Typical EMC Antennas
Several types of antennas can sometimes all satisfy the basic
requirements of a measurement. The following list provides brief
features, application notes and possible drawbacks of the typical EMC
antennas to hopefully aid readers in selecting the best fit.
Loop and Magnetic Field Coil
Typically used in the frequency range from 20 Hz to 30 MHz for
measuring magnetic fields. At these frequencies, measurements are for
the most part within the near field region. Unlike in the far field, in
the near field region, electric fields do not relate to the magnetic
field by 377 Ω. The electric field cannot be derived simply from the
magnetic field, although some regulations pretend that the far field
relations hold. The designs of these antennas ensure they predominantly
produce or respond to magnetic fields.
Rod or Monopole Antennas
Rod antennas are the counterparts of loop antennas. They are designed
to respond to electric fields from 30 Hz to 50 MHz. Since rod antennas
are so small compared to the wavelengths (at 30 Hz, the wavelength is
10,000 km), amplifiers within the antennas are sometimes necessary for
small signals. Rod antennas are typically required for the GR-1089-core
standard for network telecommunications equipment (where radiated
emission and immunity tests for electrical field at 10 kHz are
required).
Dipole Antennas
Dipoles are tuned to specific frequencies, from approximately 30 MHz to
a few GHz. They are narrow band. To cover a wide bandwidth, they need
to be tuned manually. Dipoles are often used as reference antennas
because the dipole elements performance can be theoretically
calculated. Interestingly, Roberts’ dipoles, which are specified in the
ANSI C63.5, have balun designs that are difficult to characterize, so
performance of the Roberts’ dipoles is hardly calculable. Dipoles are
seldom used in everyday measurements, due to the need for individual
tuning at each frequency.
Biconical Antennas
Biconical antennas typically cover the frequency range from 20 MHz to
300 MHz. All wire-cage biconical antennas on the market have similar
size and shape (approximately 1.36 m wide). This is because they are
based on MIL-STD-461 specifications from the 1960s, which has become
the de facto standard. Due to their small electrical size below 50 MHz,
they have very high input impedance, resulting in high VSWR.
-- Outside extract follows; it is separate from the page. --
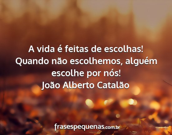 A vida é feitas de escolhas! Quando não escolhemos, alguém escolhe por nós!

Balun performance is crucial for biconical antennas. Common mode
current can be easily induced on the feed cable (common mode impedance
is no longer large compared to the input impedance of the antenna).
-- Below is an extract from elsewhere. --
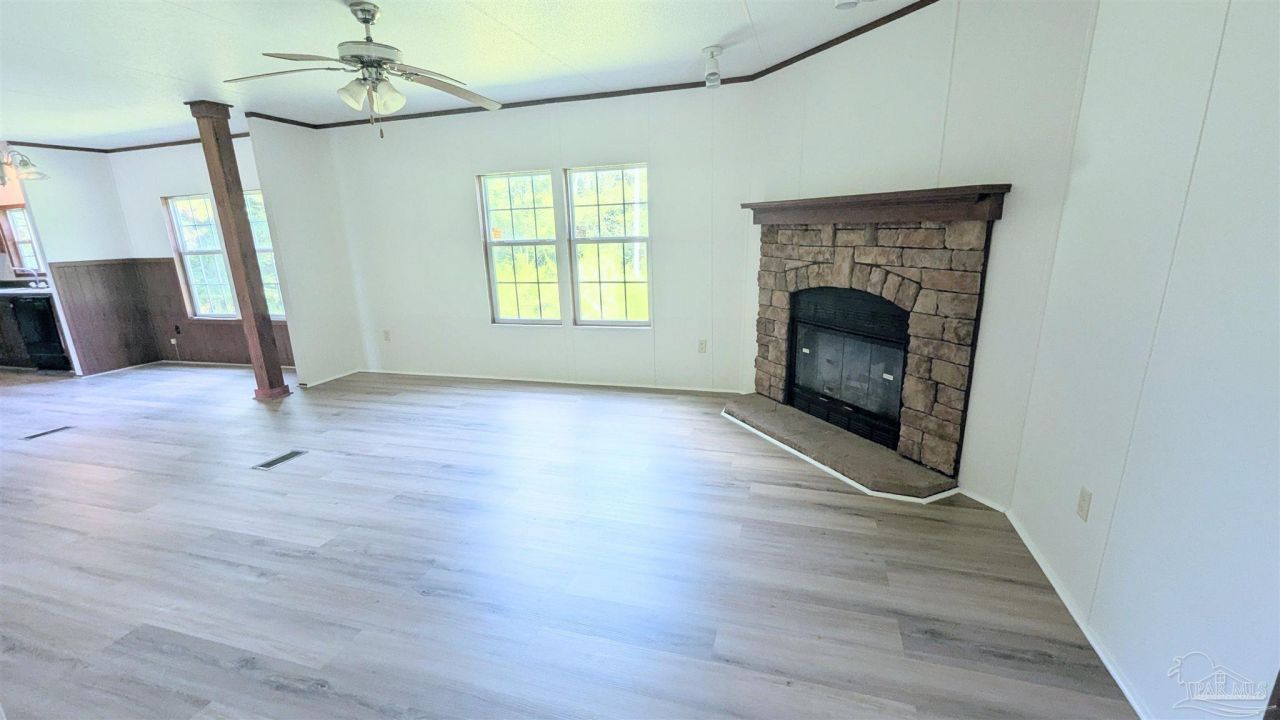 **Welcome to Your Country Retreat!** Nestled on a serene 2-acre lot, this charming 4-bedroom, 2-bathroom home blends modern comfort with the beauty of nature. As you approach the property, you'll be captivated by the lush, wooded views that create a picturesque and peaceful ambiance. Step inside to discover fresh paint and new luxury vinyl plank flooring that flows seamlessly throughout the open floor plan, enhancing the inviting atmosphere. The spacious living area transitions effortlessly into a bright kitchen featuring a center island and plenty of cabinetry for all your storage needs. The kitchen/dining area combo makes it ideal for entertaining guests while a cozy den with a fireplace provides additional space to unwind or enjoy quiet evenings at home. Additionally, the plentiful windows flood the space with natural light, adding to the overall warmth and welcoming vibe. The large primary suite is a true sanctuary complete with a spacious walk-in closet and a generous ensuite bath complete with a double sink vanity, walk-in shower, and a luxurious soaking tub. Additionally, the other well-sized bedrooms offer comfortable accommodations for guests or can easily be transformed into a home office to suit your lifestyle needs. Take a moment to relax on your charming front deck, sipping morning coffee while soaking in the tranquility of your private surroundings, accompanied by the soothing sounds of nature. This home is more than just a living space; it's a lifestyle choice that embraces peaceful country living. Don't miss the opportunity to own this private escape in the woods, where serene landscapes await you. Make this beautiful property your own and enjoy the ideal balance of comfort and nature. CALL and schedule your showing TODAY and step into a world of beauty and tranquility-your country living dream is just a visit away! Buyer to verify all information during due diligence.

Ferrite beads are often used on the feed cable to suppress the common
mode. In addition, feed cables should be extended out a meter or more
horizontally before the cable is dropped vertically to the ground to
reduce possible interaction between the cable and the antenna.
Log Periodic Dipole Arrays
Log periodic dipole arrays (LPDA) typically cover the frequency range
of 80 MHz to several gigahertz. As discussed previously, the phase
center of a LPDA moves from the back of the antenna boom to the front
as the frequency is increased. In ANSI or CISPR standards, emissions
measurements are performed from the center of the log antenna boom.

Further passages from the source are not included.